> _WHAT IS BEING ASKED_
Below are the records. Reproduce exactly the lines from the one containing "- Rama ALU 6061-T6" through the final line, and omit any pictures.

━━━━━━━━━━━━━━━━━━━━━━━━━━━━━━

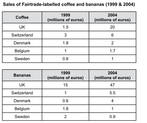 QUESTION PAPER 5The tables below give information about sales of Fairtrade-labelled coffee and bananas in 1999 and 2004 in five European countries.
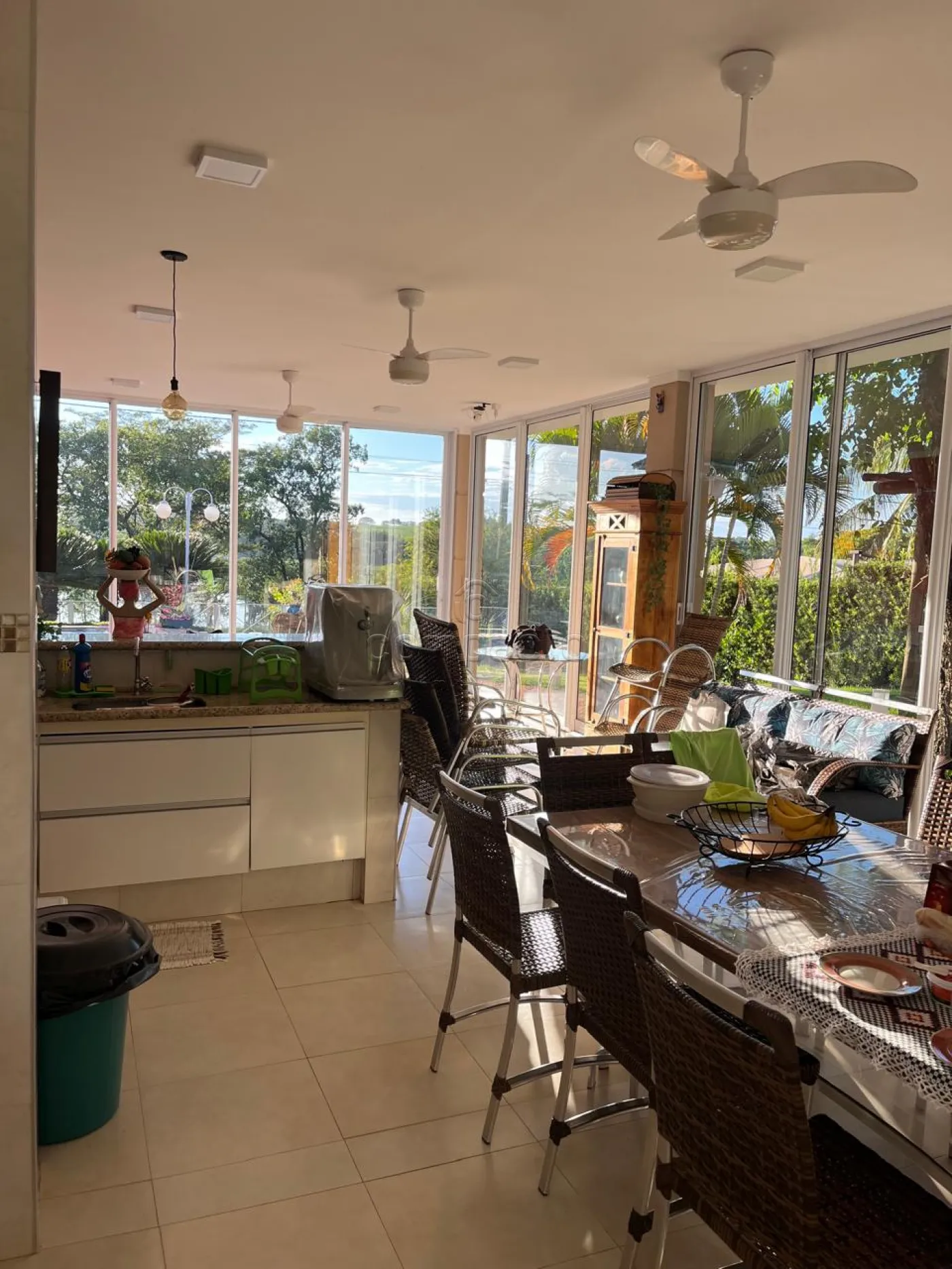 Ampla varanda toda fechada em vidro
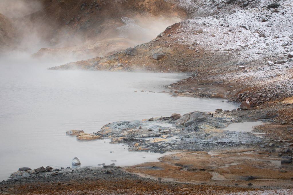 Það er eitthvað svo heillandi að sjá andstæðurnar í snjónum og þessu heita vanti sem þarna streymir upp úr jörðinni.
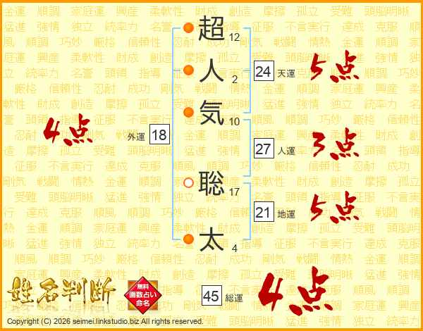 超(12画)人(2画)気(10画) 聡(17画)太(4画)
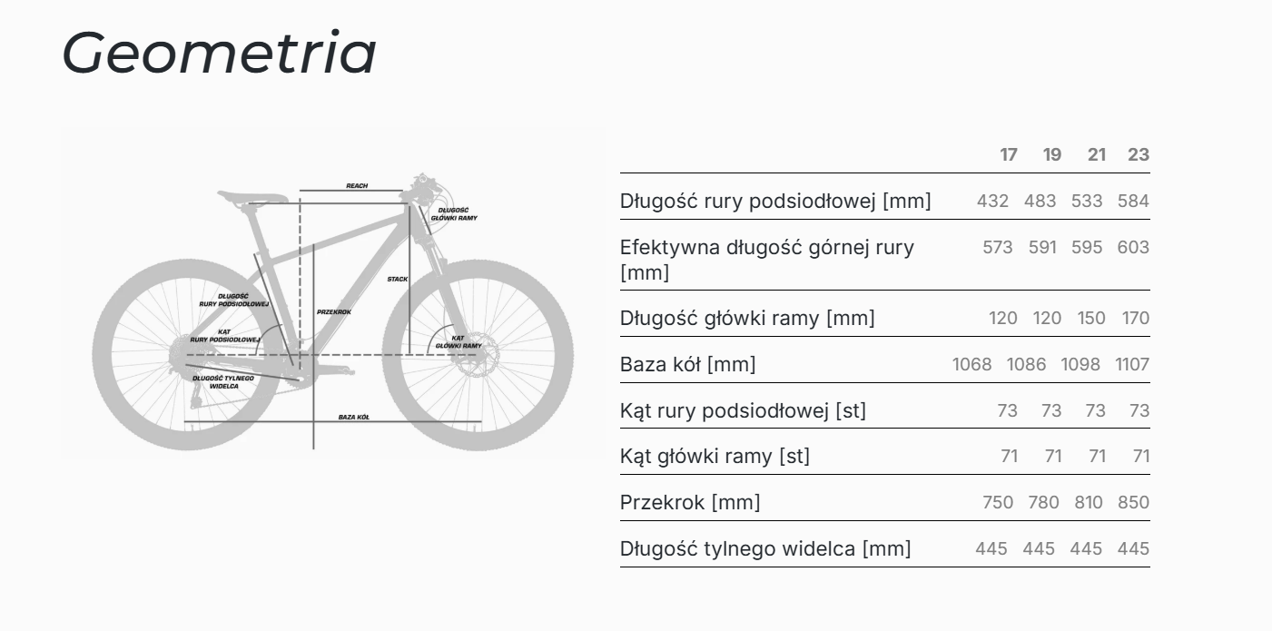 - Rama ALU 6061-T6 (hydroforming), stożkowa główka 1-1/8”–1.5”; rozmiary: 17”, 19”, 21”, 23”
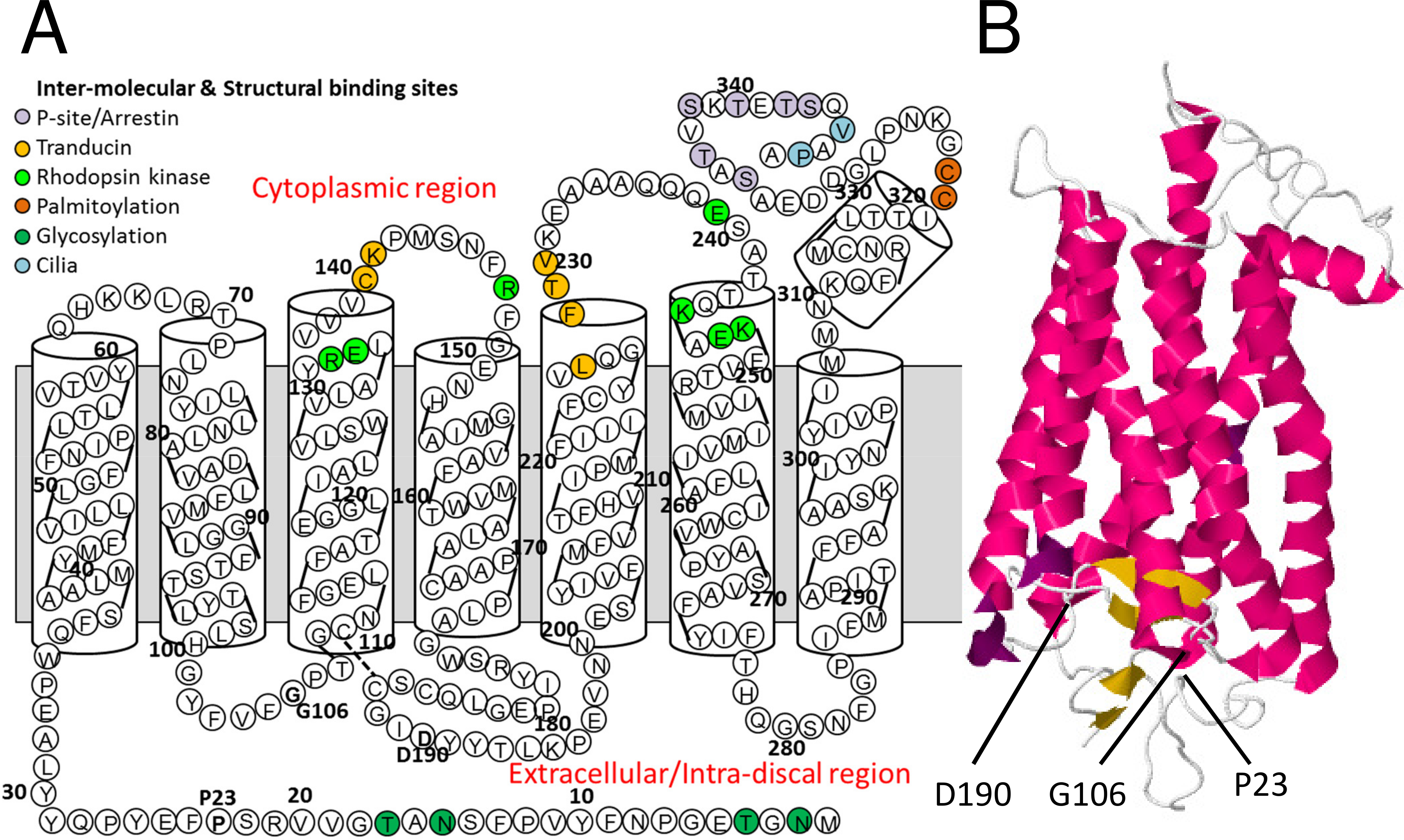 B: The structure of rhodopsin showing the relative positions of the three residues mutagenized for in vitro analysis of surface
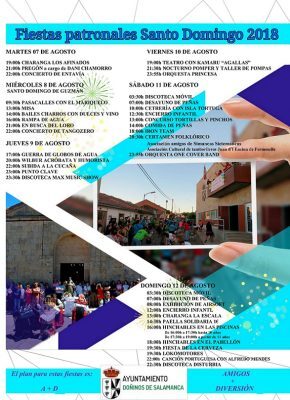 Doñinos de Salamanca celebra sus fiestas de Santo Domingo, conocidas como las fiestas de verano, del 7 al 12 de agosto. Organizadas por el Ayuntamiento, van de la mano los deportes, con las verbenas y también las actividades culturales.
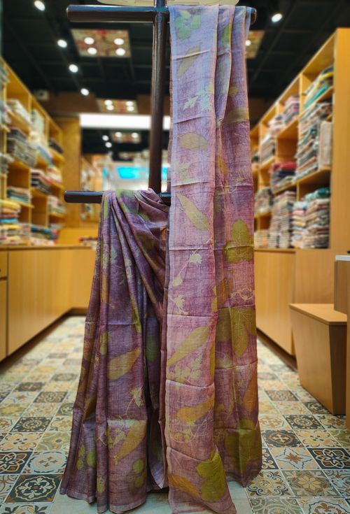 Lavender Colour Eco Saree With Leaf Motive In Whole Body
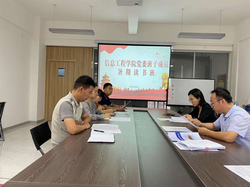 为了进一步武装头脑、开阔视野、明确方向,掌握办学治校理论和应对新情况新问题的方法,增强工作的责任感和使命感。9月8日上午,信息工程学院在明志楼北206举办党委班子成员暑期读书班,学院党委班子成员参加。

━━━━━━━━━━━━━━━━━━━━━━━━━━━━━━

> _REPLY_
 - Rama ALU 6061-T6 (hydroforming), stożkowa główka 1-1/8”–1.5”; rozmiary: 17”, 19”, 21”, 23”
 B: The structure of rhodopsin showing the relative positions of the three residues mutagenized for in vitro analysis of surface
 Doñinos de Salamanca celebra sus fiestas de Santo Domingo, conocidas como las fiestas de verano, del 7 al 12 de agosto. Organizadas por el Ayuntamiento, van de la mano los deportes, con las verbenas y también las actividades culturales.
 Lavender Colour Eco Saree With Leaf Motive In Whole Body
 为了进一步武装头脑、开阔视野、明确方向,掌握办学治校理论和应对新情况新问题的方法,增强工作的责任感和使命感。9月8日上午,信息工程学院在明志楼北206举办党委班子成员暑期读书班,学院党委班子成员参加。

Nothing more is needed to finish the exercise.